Competing interests: Andrea Cipriani received research, educational and consultancy fees from the Italian Network for Paediatric Trials, CARIPLO Foundation, Lundbeck, and Angelini Pharma. Toshi A. Furukawa reports personal fees from Boehringer-Ingelheim, Daiichi Sankyo, DT Axis, Kyoto University Original, Shionogi, and SONY, and a grant from Shionogi outside the submitted work; in addition, TAF has patents 2020-548587 and 2022-082495 pending, and intellectual properties for Kokoro-app licensed to Mitsubishi-Tanabe. Oliver D. Howes has received investigator-initiated research funding from and/or participated in advisory/speaker meetings organised by Angellini, Autifony, Biogen, Boehringer-Ingelheim, Eli Lilly, Elysium, Heptares, Global Medical Education, Invicro, Jansenn, Karuna, Lundbeck, Merck, Neurocrine, Ontrack/ Pangea, Otsuka, Sunovion, Recordati, Roche, Rovi and Viatris/ Mylan. He was previously a part-time employee of Lundbeck A/v. Dr Howes has a patent for the use of dopaminergic imaging. In the last three years Stefan Leucht has received honoraria for advising/consulting and/or for lectures and/or for educational material from Angelini, Boehringer Ingelheim, Eisai, Ekademia, GedeonRichter, Janssen, Karuna, Kynexis, Lundbeck, Medichem, Medscape, Mitsubishi, Otsuka, NovoNordisk, Recordati, Rovi, Teva. Robert A. McCutcheon has received speaker/consultancy fees from Karuna, Janssen, Boehringer Ingelheim, and Otsuka, and is a director of a company that hosts psychotropic prescribing decision tools. Carmen Moreno received honoraria as a consultant and/or advisor and/or for lectures from Angelini, Compass, Esteve, Exeltis Janssen, Lundbeck, Neuraxpharm, Nuvelution, Otsuka, Pfizer, Servier and Sunovion outside the submitted work. Nobuyuki Nomura has received speaker fees from Eisai, Meiji Seika Pharma, Otsuka, and Sumitomo Pharma; and manuscript fees from Sumitomo Pharma. Edoardo G. Ostinelli has received research and consultancy fees from Angelini Pharma. No other competing interests were disclosed.

Figures

Figure 1.
Figure 1.. PRISMA flow diagram for study selection of human studies.
**One single-arm neuroimaging study (NCT04038957) had originally been listed here as excluded, but its findings were post-hoc considered to provide mechanistic insights of the effects of TAAR1 agonists.
Figure 2.
Figure 2.. TAAR1 agonists versus placebo on overall symptoms in acute schizophrenia.

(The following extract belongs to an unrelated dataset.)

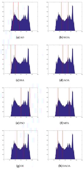In this proposed DAOA, Kapur’s entropy is utilized for achieving optimum threshold values. Measurement of the bi-level thresholds needs the optimization process’s objective function, as shown in Equation (11).

A. Forest plot of TAAR1 agonists versus placebo on overall symptoms in acute schizophrenia. There were available data for ulotaront and ralmitaront. The findings of random- and fixed-effects meta-analyses are presented. The overall risk of bias according to RoB2 is also presented, with all studies having an overall low risk of bias. B. Effect sizes for each dose level of ulotaront and ralmitaront compared to placebo on overall symptoms in acute schizophrenia. The findings of each study are presented separately, and the effect sizes were corrected for using the same control in each study by subdividing accordingly the sample size. The study of Koblan et al. 2020 was a flexible dosing study, which used of ulotaront between 50 to 75mg/d and its effect size is placed in the middle of the range. SMD: Standardised mean difference, 95%CI: 95% confidence interval.
Figure 3.
Figure 3.. TAAR1 agonists versus placebo on dropouts and adverse events in human studies.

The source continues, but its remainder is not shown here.